Sunday, July 24, 2005

A few weeks ago I was invited to giv a d'var Torah -- a little talk about a portion of the five books of Moses. The portion for that week was Numbers, ch. 13-15. Here it is, with slight modifications:

We approach the Bible with certain prejudices. Some see it as a historical document, stitched together from other accounts, a cul;tural text with no one author.

Mark Twain is supposed to have told a preacher he had just heard, "that was a fine speech,"

"Thank you," said the preacher.

"I have a book at home that contains every word of it," said Twain.

"That's quite impossible."

"I say that I have it."

"I should like to see it, then."

"I'll send it to you," said Twain.

A few days later, the preacher received in the mail a package containing an unabridged dictionary. So even if the torah were shown to be stitched together from previous sources, someone did the stitching.
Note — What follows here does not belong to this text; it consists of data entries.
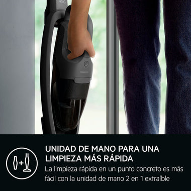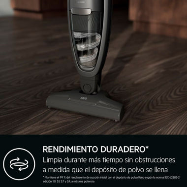 ¡Introduce tu código postal y consulta los servicios disponibles! Descubre el nuevo aspirador AEG AS52CB18DG, el aliado perfecto para mantener tu hogar impecable con la máxima comodidad. Este aspirador escoba, sin cables y sin bolsa, combina potencia y ligereza en un diseño elegante y funcional que hará que la limpieza sea un placer. Con un peso de tan solo 3,49 kg, podrás moverte con total libertad por tu hogar, alcanzando incluso los rincones más difíciles gracias a su cabezal iluminado. Su potente motor de 29 W y su innovador cepillo UltimatePower multi-surface garantizan un rendimiento excepcional en todo tipo de superficies. Olvídate de las limitaciones gracias a su batería de ion-litio de 3.6 V, que ofrece hasta 45 minutos de autonomía, permitiéndote limpiar de una sola pasada toda la casa sin interrupciones. Además, con un tiempo de carga de solo 4,5 horas, tu AEG estará siempre listo para la acción. Su depósito de 0,3 litros es perfecto para un almacenamiento rápido y sin complicaciones. Con dimensiones compactas de 1105 x 140 x 255 mm, encaja perfectamente en cualquier espacio, siendo fácil de almacenar. El AEG AS52CB18DG no solo es práctico, sino que también está diseñado pensando en tu comodidad, con controles intuitivos de botón que facilitan su uso. Ya sea para una limpieza rápida o una sesión más intensa, este aspirador ofrece todo lo que necesitas para que tu hogar luzca siempre perfecto, con la calidad y garantía que solo AEG puede ofrecer.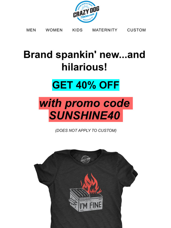 Crazy Dog T-Shirts Coupons & Promo Codes - September 2022 Past Crazy Dog T-Shirts Coupon Codes These Crazy Dog T-Shirts promo codes have expired but may still work. 40% Off code 40% Off Sitewide Click through and tap 'copy & go' to receive 40% off storewide at Crazy Dog T-Shirts. ... A40 Show Coupon Code Expired 09/03/22 40% Off code 40% Off Sitewide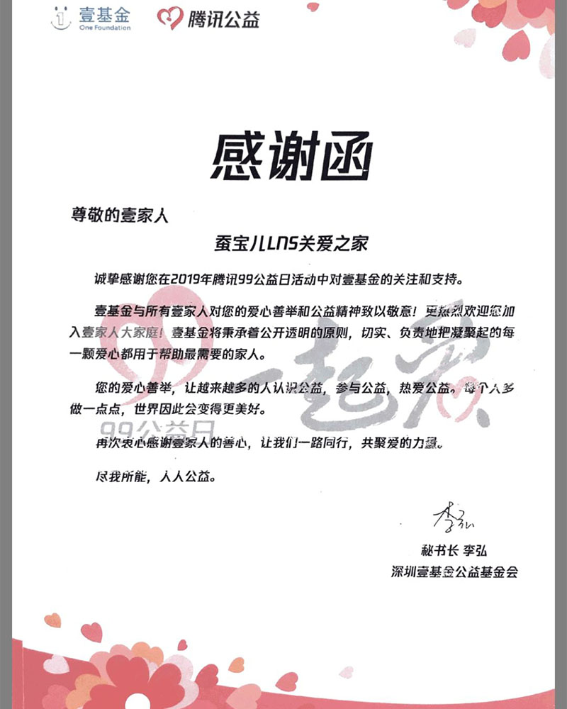 蚕宝儿LNS关爱之家作为罕见病发展中心(Cord)2019-2020年孵化组织,由Cord帮扶LNS组织内部建设、宣传倡导、病友服务、行业交流以及负责人赋能等多方面提升!在此次99公益日,非常感谢Cord的支持、帮助和陪伴,从立项、文案修改、基金会合作、项目上线、以及备战培训,让第一次参加如此重大活动的LNS学习收获了很多。同时,也非常感谢身边不遗余力传播善举的亲朋好友、感谢关爱之家病友们全力以赴的支持和传递,以及罕见病同行、医生专家等各界社会人士的帮助!“你的小爱,集大爱”!因为有了大家的帮助和支持,也让LNS在此次筹款活动中顺利开展和完成!接下来,我们也会总结了自己的不足,未来还会再接再厉!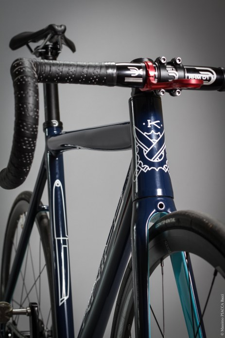 Serie di bici scatto fisso realizzate per la squadra ciclistica cykeln. Il telaio deda in tita blu notte con grafiche bianche e interno forcella e carro in azzurro MADE IN ITALY VERNICIATURA VENETO ITALIA ALTA QUALITA DESIGN BIKE VENEZIA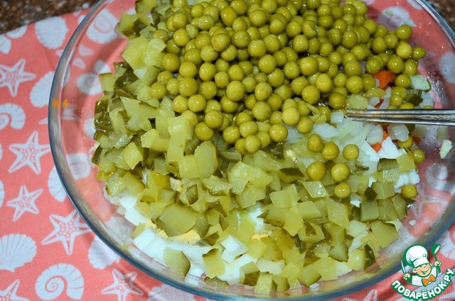 Добавить маринованный огурец (кубиком) и зелёный горошек.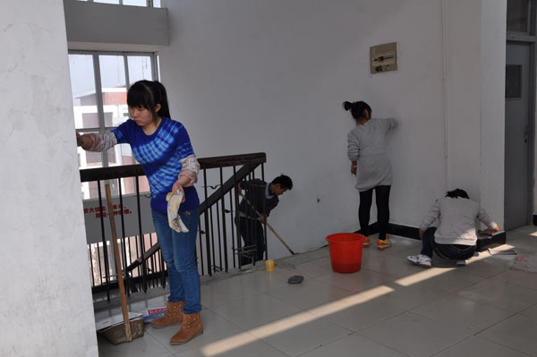 为了不影响正常教学秩序,这次清扫被安排在周末。同学们被分为若干个小组,每个小组负责一层教学楼。楼梯拐角的尘土堆积在那里,拖把扫帚都无法清理,同学们就找来小刀、刷子,一点一点的刮。墙面上的污渍很是头疼,大家就用砂纸一遍一遍地擦。厕所里的小广告最多,同学们先用水浸泡,再用钢丝球反复擦洗。装饰画、宣传栏、应急灯挂得高,有的还通电危险,大家就用竹竿绑着扫帚、抹布,一个一个地慢慢清理上面的灰尘。朝外的玻璃门上灰尘落了厚厚一层,同学们先用抹布清理干净,再用报纸擦亮。周六气温骤升,厕所里散发出难闻的气味,擦墙的同学身上落上了一层白灰,有的同学衣服上沾满了污渍,有的同学穿着夏装仍然汗流浃背,但是大家没有因此而降低工作标准。在集中清扫结束后,同学们还组织了自查自纠,力求达到最好效果。经过一天的工作,教学楼面貌焕然一新,小广告消失了,卫生死角没有了,窗户干净明亮,墙壁洁白如新,为广大师生提供了一个崭新的学习生活环境。

Moreover, it reads as if it were written with intention.

Others come to the study of the Torah with religious bias, certain philosophical, theological ideas about how God should be, and what He should say. God is omnipotent, omniscient, and good. He supports the virtues we value, and condemns what we consider vicious. and He always tells the truyth; indeed, He is truth.

The problem with the theological bias -- the philosophic religous approach to the Bible -- is that it is constantly under attack by a simple reading of the text.

"And the Lord spoke thus to Moses: Send for yourself men that they may scout out the land of Canaan..." (Numbers 13:1-2). Why? Is god unfamiliar with the terrain? Moses, the man who the torah tells us knew God best, sees this as military reconnaisance and strategic information-gathering. clearly, God is not simply acting as an omniscient, omnipotent commander. Moreover, if we unserstand this story at face value, it's a debacle. The Children of Israel refuse to enter the land, until God orders them to go back into the wilderness for 40 years, at which point they try to enter the land and ar vanquiched.

But perhaps this is not meant to be taken at face value. After all, the so-called spies or scouts are not selected on the basis of competence or willingness, but as distinguished leaders within each tribe, "heads of the Children of Israel" (13:2-3). Perhaps they were selected as twelve witnesses, to inform not God or Moses, but the Children of Israel.

Representation of each group in a society means two things in a modern context: deliberative assembly (cf. for instance the American Senate), and symbolic full participation, as at local events at which all community leaders, even those not directly involved, are present. Both apply here.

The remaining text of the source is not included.